Rough Guide to Latin Arabia


2009 Release
Nili Belkind: Compiler


World Music Central
... When the dueling violins of Alfredo de la Fé, from Cuba, and Salah Rahanny, from Morocco meet on the track, ‘Macondo’ it is no coincidence that the sounds are both contrasting and harmonious. The artists may have been brought up on different continents but they share in a musical tradition which dates back to the ninth century.

The 600 year-long Moorish control of the southern part of the Iberian peninsula brought many Arabic musical influences to Europe including the ‘ud, from which some scholars think the guitar is descended, as well as Berber drums and the theoretical approach to music from the Persian system. As Spain’s Christian rulers overthrew the Moorish empire in Andalusia in the 15th Century they also began the explorations which would lead to the development of a Spanish empire in the New World, ensuring that the Arabic influence was transported to Latin America.

The Moorish influence lived on in European music, perhaps most noticeably in the Andalusian flamenco style and the proximity of North Africa to Spain’s southern coast has made continued cross-pollination inevitable.

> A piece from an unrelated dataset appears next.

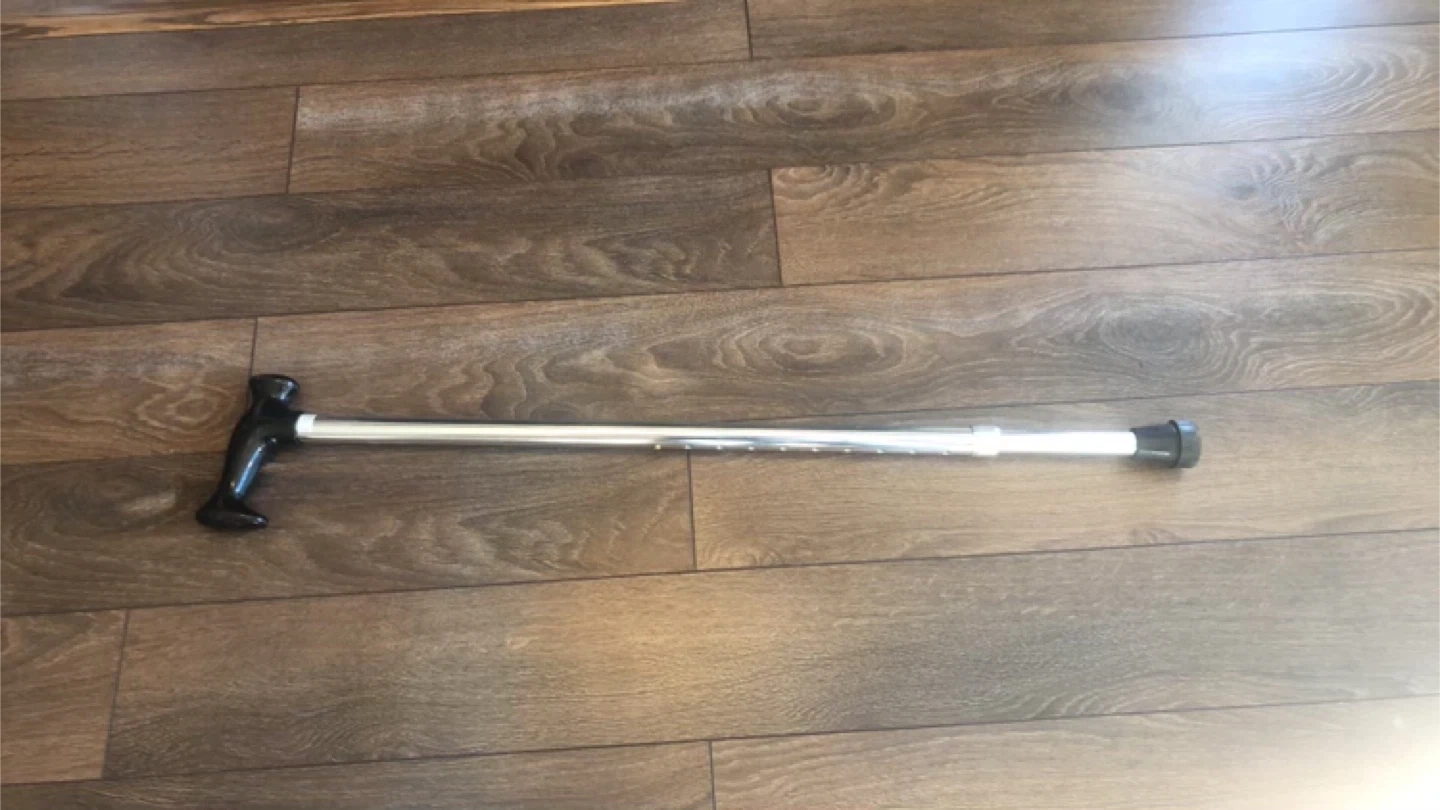 This is an adjustable aluminum walking cane with a black handle. It features a silver shaft with multiple height settings. The non-slip rubber tip provides stability.

So, the music on The Rough Guide to Latin Arabia is not an exercise in ersatz fusion but a continuation of a musical conversation which has been going on for hundreds of years. Among the most well known tracks on the album are ‘Ya Nour El Ein’ (Light of My Eye) by Amr Diab and ‘Alabina’ by Ishtar and Los Niños De Sara. While these two have proved the massive appeal of Latin-Arabian music among the lesser-known tracks on the album there are plenty of hidden treasures.